The Lawsuit Against North Carolina Has Been Filed

Early this morning North Carolina was sued in federal court over the recently signed law which overturns LGBT rights statewide and bans transgender citizens from using public facilities that align with their gender identity. The suit was filed on behalf of three individuals and two LGBT rights groups.
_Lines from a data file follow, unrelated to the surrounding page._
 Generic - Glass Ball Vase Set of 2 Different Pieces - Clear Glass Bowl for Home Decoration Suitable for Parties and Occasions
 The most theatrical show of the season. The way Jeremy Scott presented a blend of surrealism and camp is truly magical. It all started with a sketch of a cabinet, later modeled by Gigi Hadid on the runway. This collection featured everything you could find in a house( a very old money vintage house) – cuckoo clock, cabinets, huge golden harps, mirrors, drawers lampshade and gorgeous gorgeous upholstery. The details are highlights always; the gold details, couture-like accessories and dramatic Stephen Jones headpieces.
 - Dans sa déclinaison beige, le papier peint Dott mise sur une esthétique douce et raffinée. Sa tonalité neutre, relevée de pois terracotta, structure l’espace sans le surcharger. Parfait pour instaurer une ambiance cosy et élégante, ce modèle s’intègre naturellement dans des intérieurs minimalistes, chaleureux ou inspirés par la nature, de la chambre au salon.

Buzzfeed News has details:

“By singling out LGBT people for disfavored treatment and explicitly writing discrimination against transgender people into state law, H.B. 2 violates the most basic guarantees of equal treatment and the U.S. Constitution,” the lawsuit argues.

The complaint argues the law violates people’s equal protection, privacy, and liberty rights under the Fourteenth Amendment to the U.S. Constitution and their civil rights under Title IX of the Education Act of 1972.
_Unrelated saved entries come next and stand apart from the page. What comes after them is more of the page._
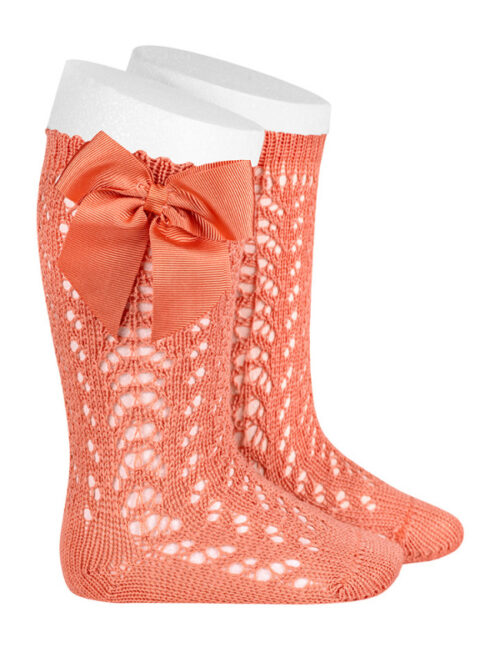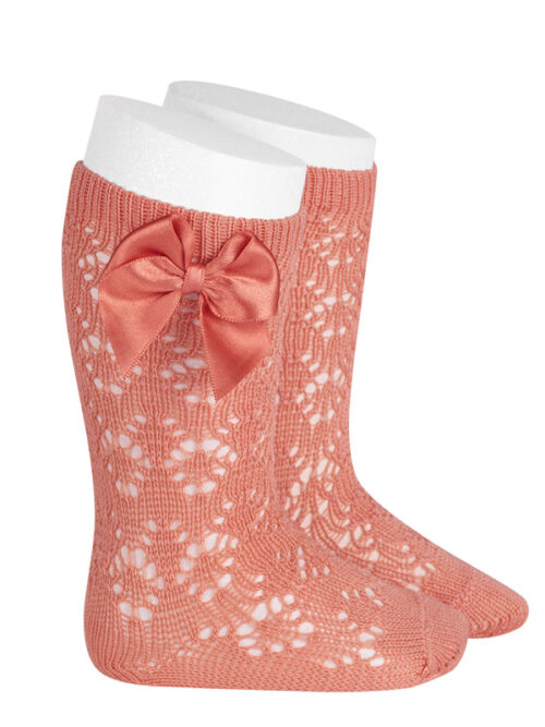 Șosete coral din tricot cu fundiță Condor (lungi)
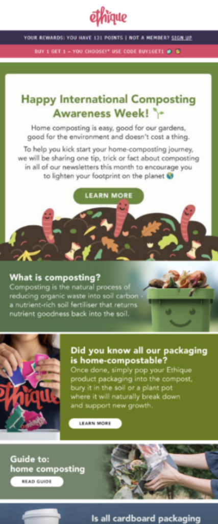 그러나 그들은 거기서 멈추지 않습니다. 이 뉴스레터 캠페인은 가입자가 자신의 가정에서 퇴비화에 대한 지식과 사용을 확장하도록 권장하는 데 사용됩니다.
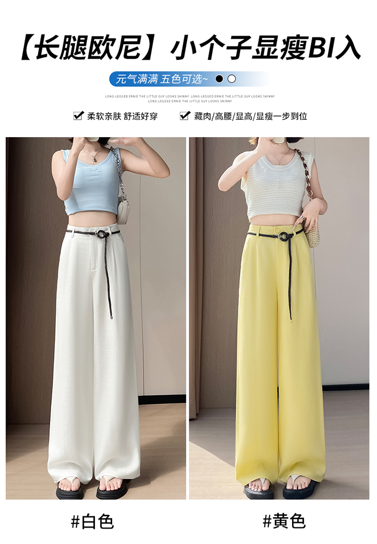 실사 2026 여름 새로운 주간 실크 아마 와이드 레그 팬츠 하이웨이스트 캐주얼 얼음 실크 바지 스트레이트 바닥 청소 바지 여성
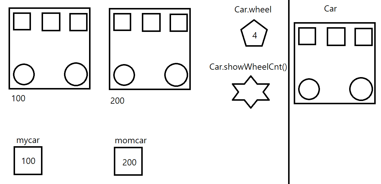 ---> mycar.wheel이면 100번지에 필드로 들어간다. 근데 Car.wheel이 없다.
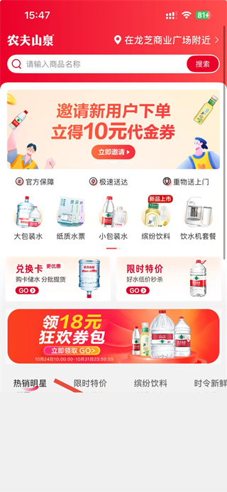 送水到府里头提供了农夫山泉水产品的订购,用户下单后即可享受送水到家,送水到府定期会做相关的活动,例如买赠活动以及送券活动,优惠券直接在送水到府内使用,可以当现金抵扣。
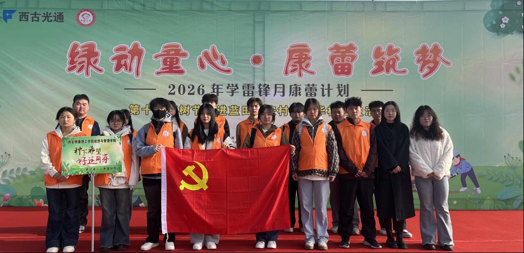 为积极响应全国学雷锋志愿服务号召,深入践行“绿水青山就是金山银山”理念,助力乡村振兴,3月10日,经济与管理学院学生党支部前往蓝田县安村镇新华村参加由中共安村镇委员会、蓝田县安村镇人民政府、陕西零贰玖公益服务中心等多家单位联合主办的“绿动童心·康蕾筑梦”—2026年学雷锋月康蕾计划第十季植树节公益活动。学院学生第一、第三、第五党支部师生党员、发展对象、积极分子代表参与了活动,让“党建红”在“生态绿”的生动实践中熠熠生辉。

The lawsuit is asking for a declaratory judgment that the law violates the Constitution and Title IX and an injunction against enforcement of the law.

The case was filed overnight in the U.S. District Court for the Middle District of North Carolina on behalf of Joaquín Carcaño, a transgender man who works at the University of North Carolina-Chapel Hill; Payton Grey McGarry, a transgender man who is a student at the University of North Carolina-Greensboro; and Angela Gilmore, a lesbian who is the associate dean for academic affairs at North Carolina Central University. Also named as plaintiffs are the ACLU of North Carolina and Equality North Carolina.
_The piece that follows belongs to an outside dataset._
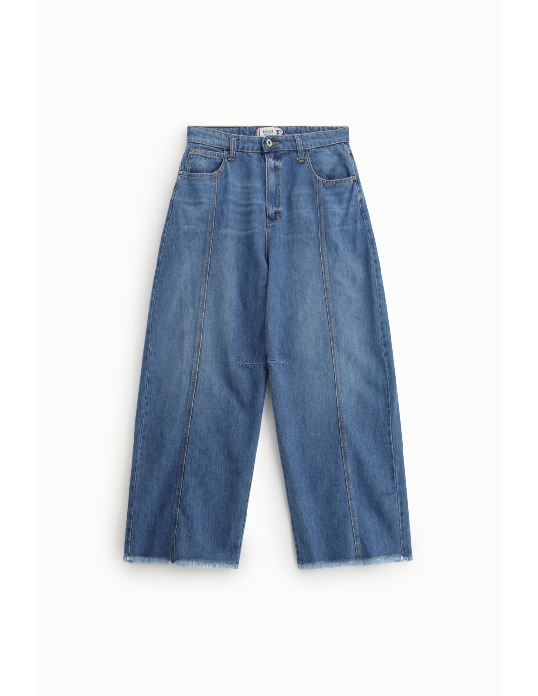 Jean à jambe large et coupe droite, longueur cheville, rehaussé de coutures apparentes et d’un ourlet effiloché. Une pièce urbaine facile à porter au quotidien.

The defendants include Gov. Pat McCrory, Attorney General Roy Cooper, and the University of North Carolina and several of its senior officials.

The American Civil Liberties Union, ACLU of North Carolina, Lambda Legal, and Equality North Carolina are all backing the litigation.

The suit further contends that HB 2 deliberately evades the landmark 1996 US Supreme Court ruling in Romer V Evans, which struck down a Colorado constitutional amendment which singled out gay citizens for discrimination. Unlike Colorado’s law did, North Carolina’s HB 2 does not explicitly exclude gay Americans from its list of protected classes, it simply does not name us. Similarly evasive laws have also recently been enacted in Arkansas and Tennessee.